Pakistan’s foreign exchange reserves are at roughly $15.25 billion, which includes net reserves in both the State Bank of Pakistan (SBP) and other banks, as of the week ending 25 April, 2025, according to data published by the SBP, Pakistan’s central bank.
Islamabad has been facing economic headwinds over the past few years. In July 2023, the country through a stand-by arrangement (SBA) with the International Monetary Fund (IMF), which lasted till April 2024.
In September 2024, Pakistan struck a $7 billion deal with the IMF for an extended fund facility (EFF) loan for 3 years till October 2027. The country, which has been a part of numerous IMF funding programmes, faced catastrophic floods in 2022, followed by record high inflation which crossed 35 percent in 2023.
The IMF deals have helped the cash-strapped country, which saw its foreign exchange reserves drop to $9.1 billion in the 2022-2023 financial year. From its latest deal, Islamabad received $1 billion the moment the deal became operational at the end of 2024, for the review of the $7 billion programme, which would give it access to a further $1 billion.
In its March statement, the IMF also announced a new loan of roughly $1.3 billion to Islamabad through the resilience and sustainability facility subject to approval by the IMF Executive Board. Islamabad’s financial consolidation efforts saw its credit rating upgraded by the credit rating agency Fitch Ratings to B- from CCC+ on the back of its narrowing fiscal deficits, downward debt trajectory, recovery of foreign exchange reserves and lower inflation.
The ratings upgrade came a week before the terrorist attack in Jammu and Kashmir’s Pahalgam, which left 26 people dead, including 25 Indians and one foreign national. India has said that the attack on tourists on 22 April has cross-border linkages and announced a raft of punitive measures against Pakistan starting 23 April. Most recently, India suspended the exchange of all categories of parcels with Pakistan, as well as banning imports of all goods originating in Pakistan.
In its first set of measures announced on 23 April, India held the Indus Waters Treaty 1960 in abeyance, apart from reducing the strength of Islamabad’s mission to New Delhi from 55 to 30, and expelled the three Pakistani defence advisers from the country, while annulling the positions.
Islamabad responded on 24 April, announcing that it “shall exercise” its right to hold all bilateral agreements in abeyance including the Simla Agreement signed in 1972.

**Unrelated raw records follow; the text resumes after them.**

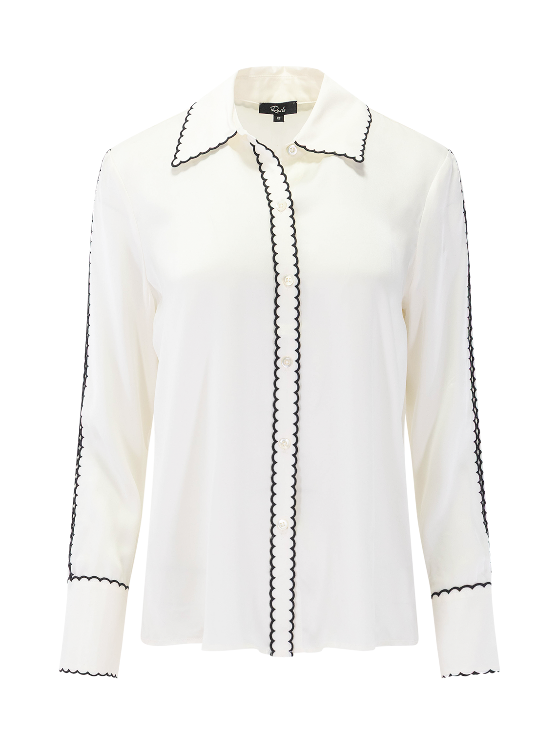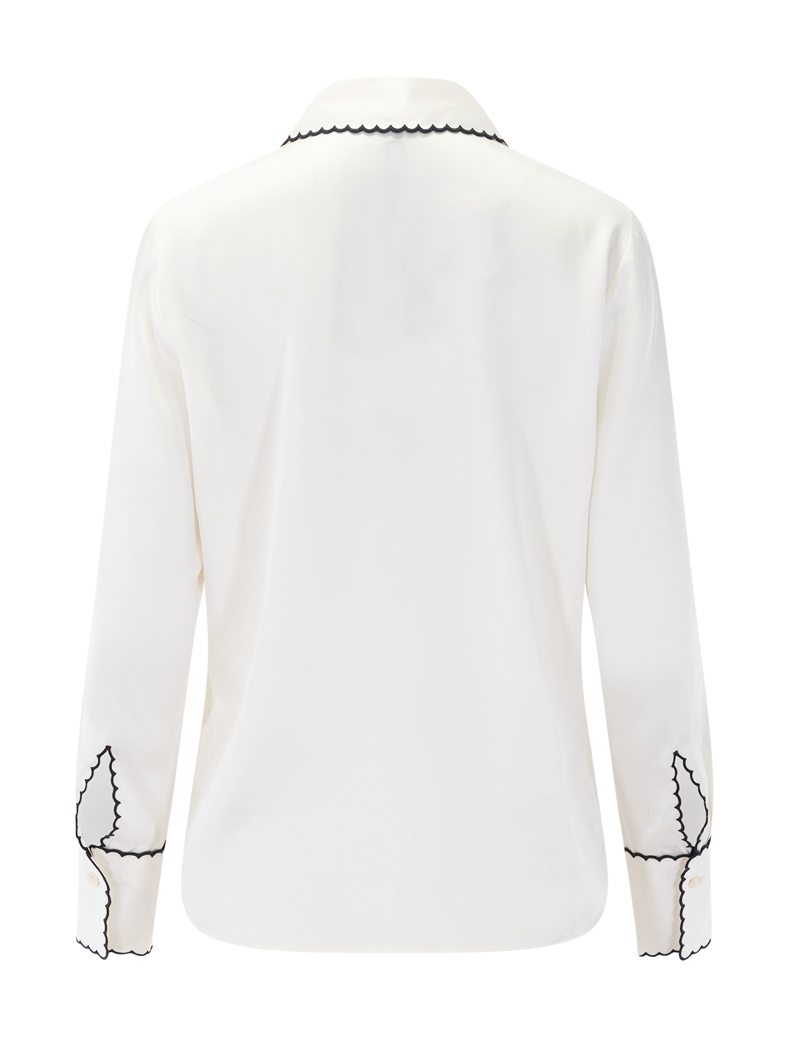 Sophisticated by design, the Aloise is a classic collared shirt in smooth, flowing silk charmeuse, featuring contrast scalloped embroidery with delicate cutouts on the sleeves and front button closures.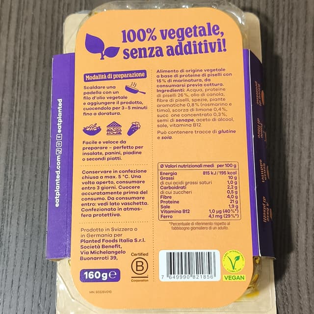 Introducing our plant-based Mediterranean-style bites made with pea protein. These bocconcini are infused with the flavors of rosemary, thyme, lemon zest, and mustard seeds. They are a great source of protein and fiber, free of any additives, and have a savory taste. These bocconcini are easy to prepare and perfect for adding to salads, sandwiches, piadinas, or as a main course. Try them out today and see for yourself how delicious plant-based meat can be.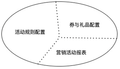 对领域的划分其实在与业务专家的沟通过程中就能很清晰地判断出来,通过用例归纳法大多是对子域进行细化和验证。而对于各个领域,我们还可以进一步细化。例如,对于营销活动管理领域,根据用户和企业经营者职责的不同,可以将其继续划分为活动规则配置、券与礼品配置、营销活动报表三个子域,如图13所示。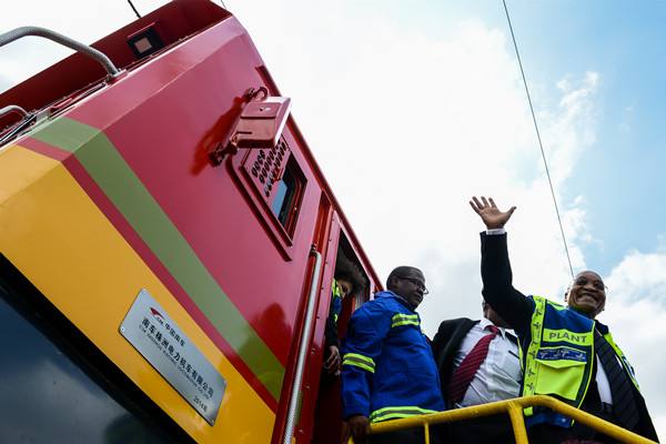 2015年3月19日,南非總統(tǒng)祖馬(右)從“曼德拉一型” 第95臺(tái)電力機(jī)車上走下來(lái)時(shí)向大家揮手致意。(新華社記者翟健嵐攝)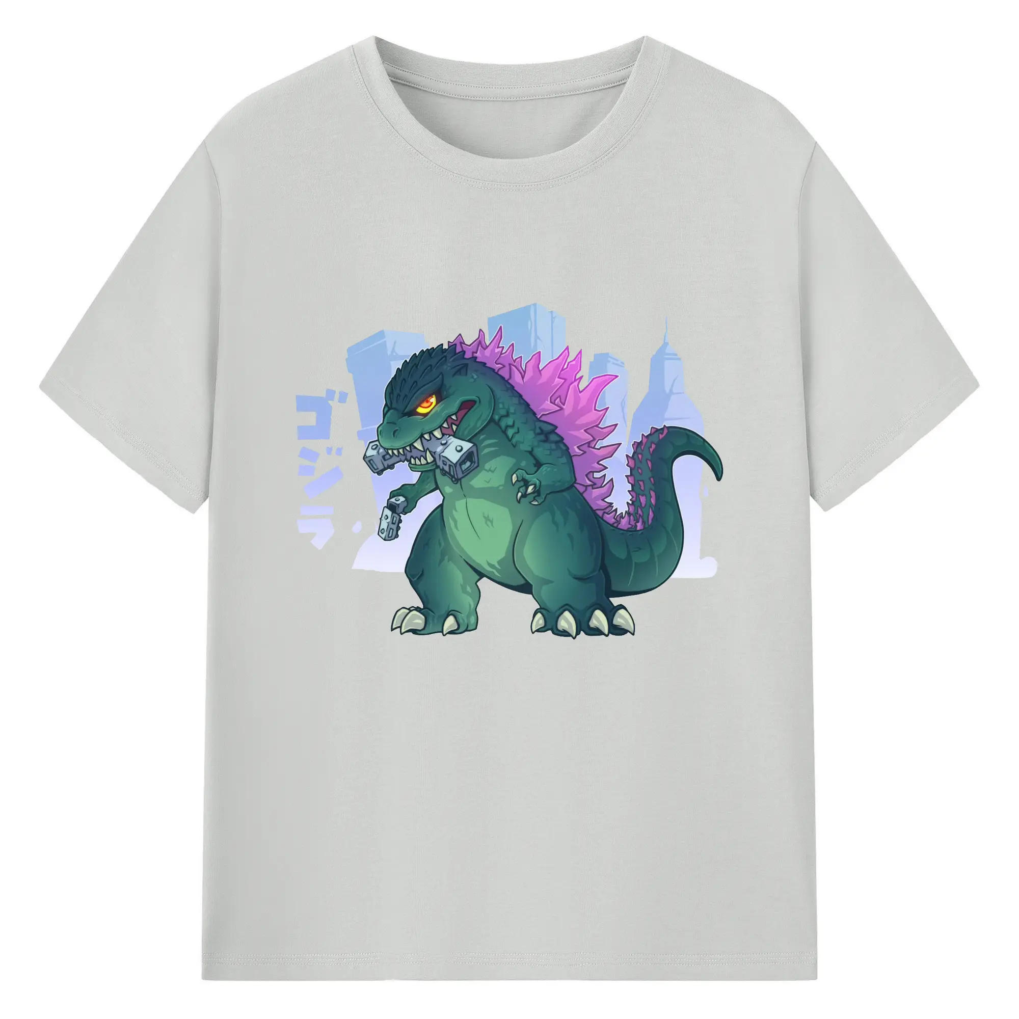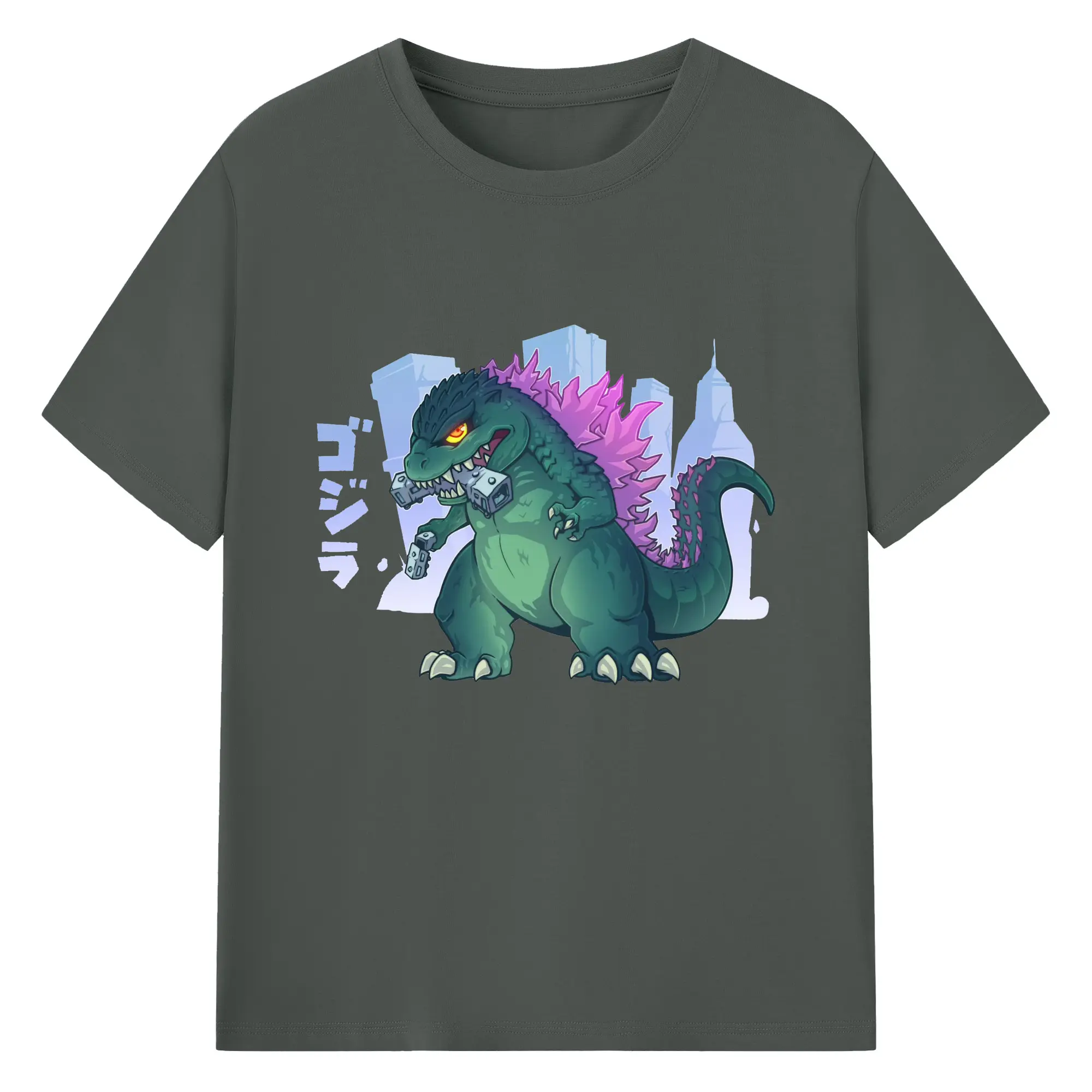 ゴジラ キャットジラ CATZILLA かわいい怪獣 - 綿100% 半袖Tシャツ ・ フロントプリント ・ 快適 通気性 ・ 日常使い 散歩 スポーツ用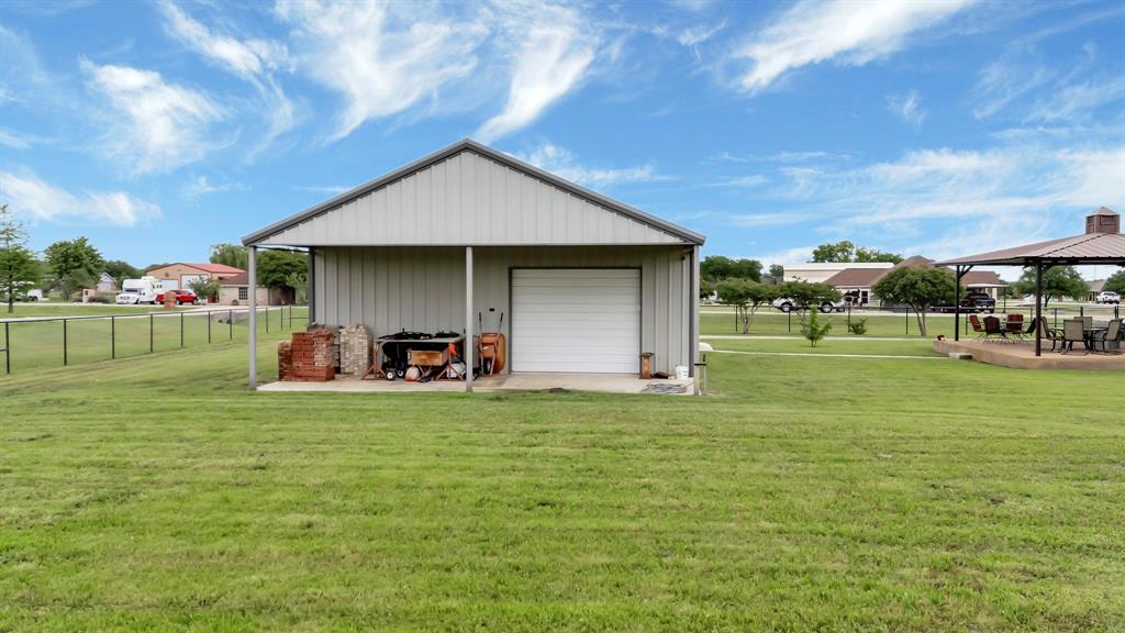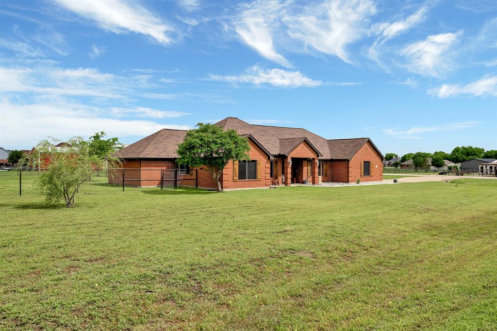 Welcome to your perfect blend of space, comfort, and style. This stunning home sits on over an acre lot and showcases beautifully remodeled spaces including the kitchen, guest bathroom, and primary bathroom. Step inside to find rich wood flooring throughout the home and a spacious open layout that flows seamlessly from room to room. The kitchen is a dream with stainless steel appliances, granite countertops, a tasteful tile backsplash, and dishwasher hookups ready for your convenience. The primary suite is a true retreat with a private sitting area, a luxurious jetted tub, separate shower, and one of the largest walk-in closets you will find. French doors off the living room open to a massive 25 by 25 outdoor patio, perfect for entertaining under the Texas sky. Just steps away, the 40 by 30 workshop offers endless possibilities for hobbies, storage, or business use with electricity and water. Located just minutes from shopping and Highway 287 Business, this home combines rural privacy with quick access to city amenities. Schedule your private showing today and come see why this one checks every box.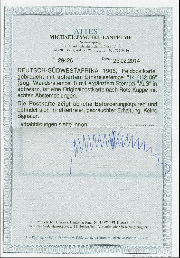 | Zusatzinformationen und Suchstichworte: | 383. Auktion Heinrich Köhler Auktionstermin 14.–15. & 18.–23. März 2024 Los 2744 Deutsche Kolonien Südwestafrika "AUS" schwarzer L1 klar mit Wanderstempel vom 14.(1)2.06 auf Feldpostkarte mit viel Text nach Deutschland in einwandfreier Erhaltung, Fotoattest Jäschke-L. BPP (2014) Ausruf 150,00 EUR |

According to Moody’s Ratings’ latest sectoral note, the economic impact of the sustained escalation of tensions with India will be minimal due to the paucity of its trade with Pakistan.
“Comparatively, the macroeconomic conditions in India would be stable, bolstered by moderating but still high levels of growth amid strong public investment and healthy private consumption. In a scenario of sustained escalation in localised tensions, we do not expect major disruptions to India’s economic activity because it has minimal economic relations with Pakistan,” said the note.